B. If a party presents evidence establishing a full or partial defense under Paragraph A of this Article, a tribunal may stay enforcement of the registered order, continue the proceeding to permit production of additional relevant evidence, and issue other appropriate orders. An uncontested portion of the registered order may be enforced by all remedies available under the laws of this state.
C. If the contesting party does not establish a defense under Paragraph A of this Article to the validity or enforcement of the order, the registering tribunal shall issue an order confirming the order.
*784Davis did not give reasons why he was contesting the child support in his request for a hearing. At the hearing, Davis continually asked about a reduction in the amount of the child support. He also expressed a concern that he was ordered to pay child support as of 1988. Davis additionally claimed that he paid different amounts than the amounts shown on the statement from Ohio, but it was later discovered that he was talking about Williams receiving half of his monthly workers’ compensation payments toward his child support obligation.
Other than to contest the award on these bases, Davis offered no evidence or proof to support his claim. Therefore, Davis failed to present a defense to enforcement of the Ohio child support orders. State v. McDuffy, 32,357 (La.App. 2 Cir. 9/22/99); 742 So.2d 87.
We note that in a motion for new trial, the State presented evidence of Ohio law on the issue of child support, which Louisiana courts are required to judicially notice. La.Code Evid. art. 202(A). It is clear that Ohio law provides the juvenile |flcourts with the authority to award child support retroactive to a child’s date of birth. Ohio Rev.Code § 3111.01 through 3111.19. Furthermore, there is no statute of limitations in Ohio regarding the collection of arrearage for outstanding child support payments. Ohio Rev.Code § 3113.21(M)(3); Cramer v. Petrie, 70 Ohio St.3d 131, 637 N.E.2d 882 (1994). Therefore, applying Ohio law, the child support order was valid and had not prescribed. Even under Louisiana law the child support arrearage was not past due because ten years had not passed from the date of the first arrearage to the date of the filing of the petition. La.Civ.Code art. 3501.1. The petition was filed on July 9, 1997, and the arrearage did not begin to accrue until November 1988.

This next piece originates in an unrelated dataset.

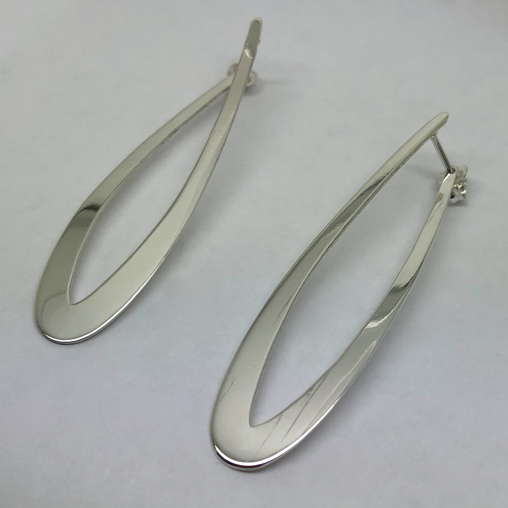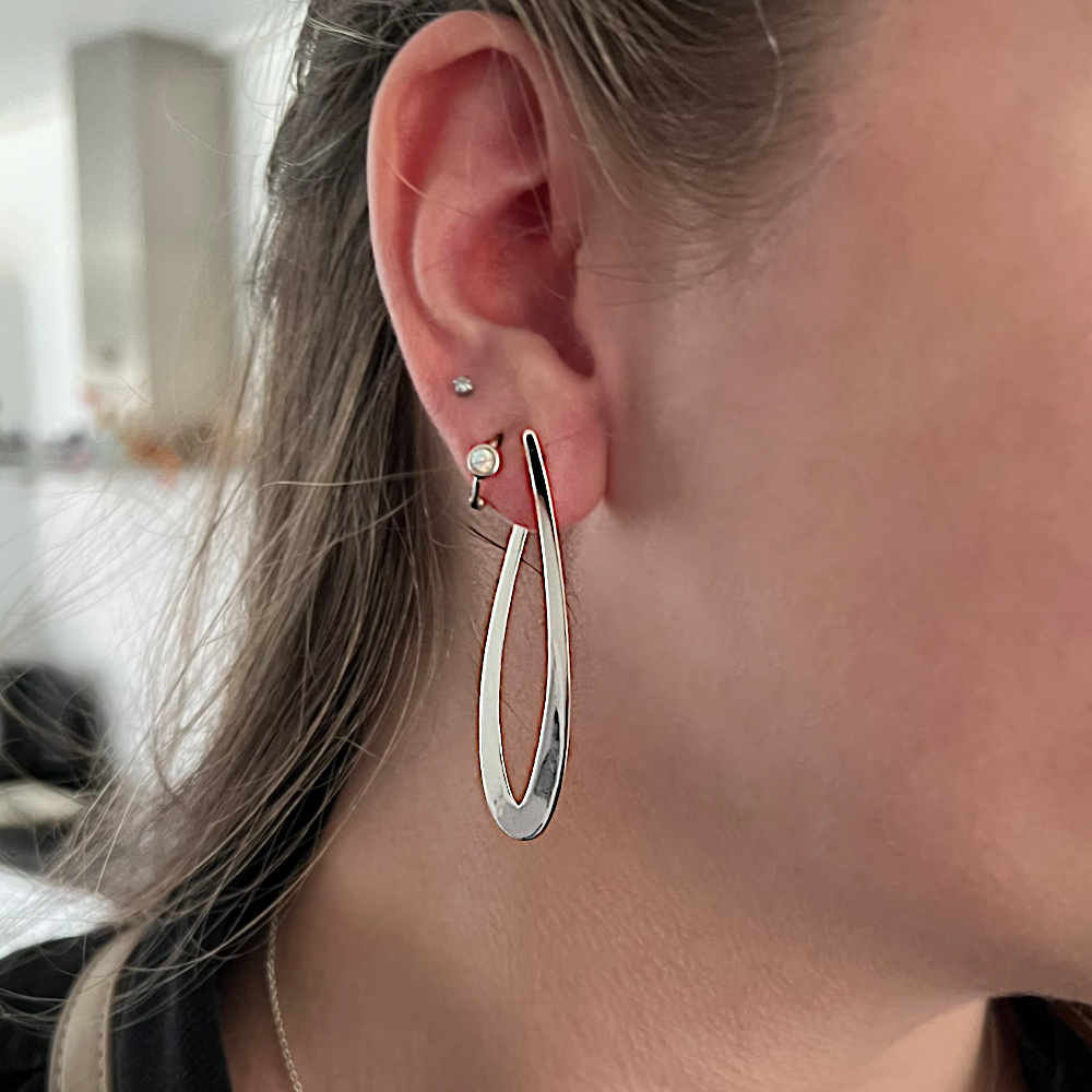 Elegante echt zilveren lange platte ovale oorringen met een steker. De oorring is schuin gebogen zodat je oorlel tussen beide uiteinden van de oorbel zit. Zeer mooi tijdloos design.

We also find that the State introduced sufficient evidence to establish the amount of arrearage at the time. Pursuant to Louisiana Children’s Code Article 1303.16(C), “A copy of the record of child support payments certified as a true copy of the original by the custodian of the record may be forwarded to a responding tribunal. The copy is evidence of facts asserted in it and is admissible to show whether payments were made.” State’s Exhibit 1 was a month-by-month arrear-age calculation listing Ray Davis as the payor and Rita Williams as the payee. It was certified by the Hamilton County, Ohio Child Support Enforcement Agency on December 17, 1998, and shows arrear-age in the amount of $25,002.17. It also indicates when payments were made and includes the $22,000 lump sum payment.
For the above reasons, we reverse the judgment of the trial court insofar as it ordered that arrearage would begin to accumulate from the date of the signing of a judgment by a Louisiana court. We hereby recognize and confirm, pursuant to Louisiana Children’s Code Article 1306.8, the orders from the Hamilton County Juvenile Court, State of Ohio, requiring Ray Davis to pay $646.01 per month total | fidiild support for his minor children, Ri-jon, Ravis, and Ray Williams. We also recognize that the arrearage of $25,002.17 was owed as of December 1998. Costs of this appeal are assessed to Ray Davis.
REVERSED IN PART; AFFIRMED IN PART; AND RENDERED.